Corn Créme Brulee with Blueberry Polenta Cake
- 1 quart heavy cream
- 1 ear fresh sweet corn
- 10 egg yolks
- 3/4 cup granulated sugar
- 2 cups fresh blueberries.
- 3/4 cup all-purpose flour, plus 1 tables
- 1/2 cup yellow cornmeal, plus 1 tablespoon
- 2-1/2 teaspoons baking powder
- 1-2/3 cups unsalted butter
- 1 cup granulated sugar
- 3 whole eggs
- 6 egg yolks
- vanilla extract
- 1 cup blueberries
- Place cream and corn cob in a heavy-bottomed saucepan and place over medium heat. Scald cream; do not boil.

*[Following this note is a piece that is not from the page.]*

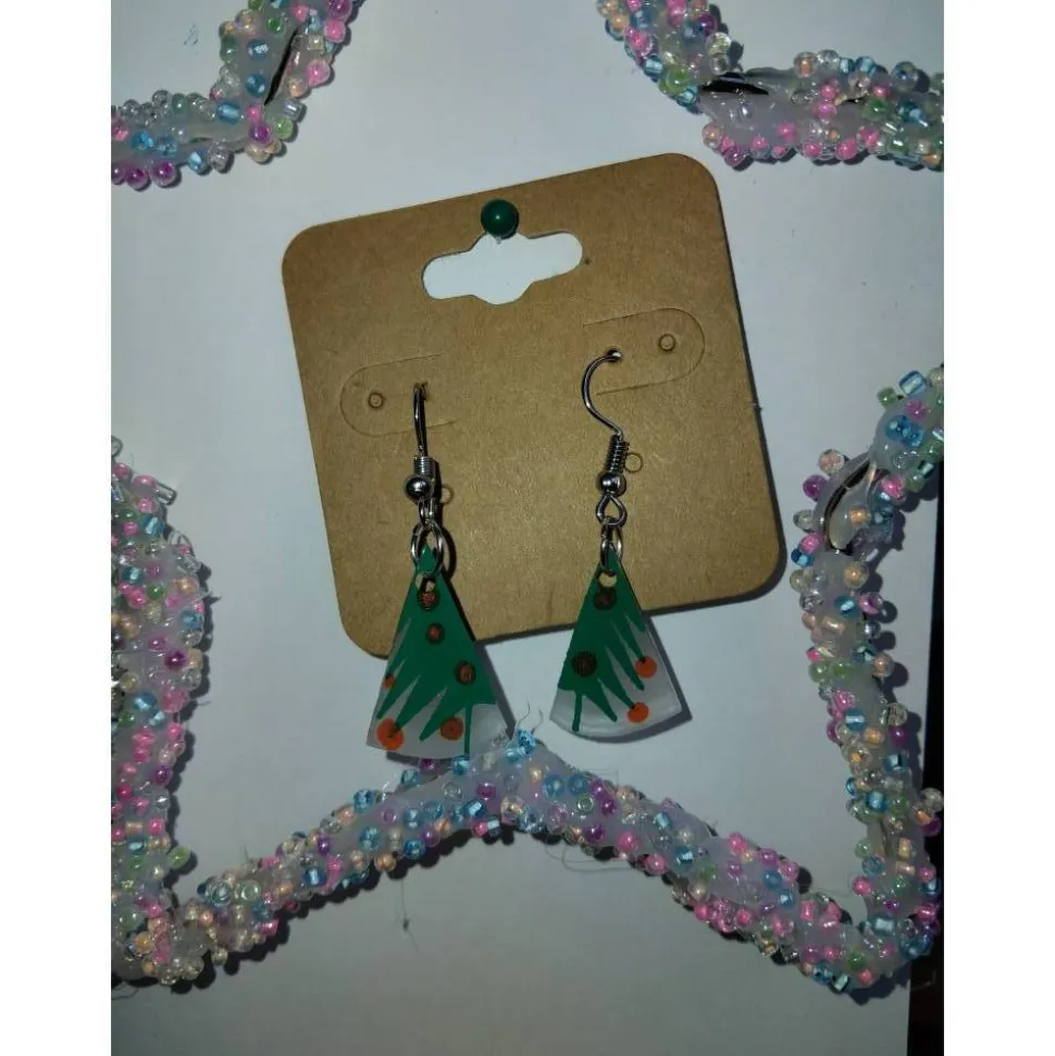 Entdecke einzigartige Ohrringe mit Tannenbaum Motiv Anhänger und bringe festlichen Glanz in dein Outfit. Diese handgefertigten Ohrringe aus Kunststoff Schrumpffolie sind ein echter Hingucker zu Weihnachten. Der geteilte Tannenbaum mit Kugeln macht die Ohrringe zu einem originellen Schmuckstück für die festliche Saison.

In a stainless-steel bowl, combine egg yolks and sugar. Blend yolk/sugar mixture into cream. Strain mixture and cob. Place bowl in an ice bath to cool. Fold in blueberries. (This recipe makes extra creme brulee base.) Preheat oven to 300°. Cut four circles of polenta cake to fit into 2-inch-wide ramekins. Place cake in bottom of each ramekin. Sprinkle reserved corn kernels onto cake. Fill remainder of ramekin with creme brulee base. Bake in a water bath for 20 to 30 minutes, until a knife inserted comes out clean. Cool, but serve at room temperature.
- Preheat oven to 350°. Line bottom of a 9-inch square cake pan and spray with cooking spray. Combine flour, cornmeal and baking powder and set aside. Cream butter and sugar with an Oster® hand mixer until light and fluffy. Add eggs, egg yolks, and vanilla to taste to the butter and sugar mixture in three stages, scraping bowl after each addition. Add dry ingredients until well incorporated. Fold in blueberries. Pour batter into prepared pan. Bake for about 20 minutes, or until cake springs to the touch or a knife inserted comes out clean.
- Sprinkle tops with sugar and place under broiler until caramelized. (This will not take long so watch carefully).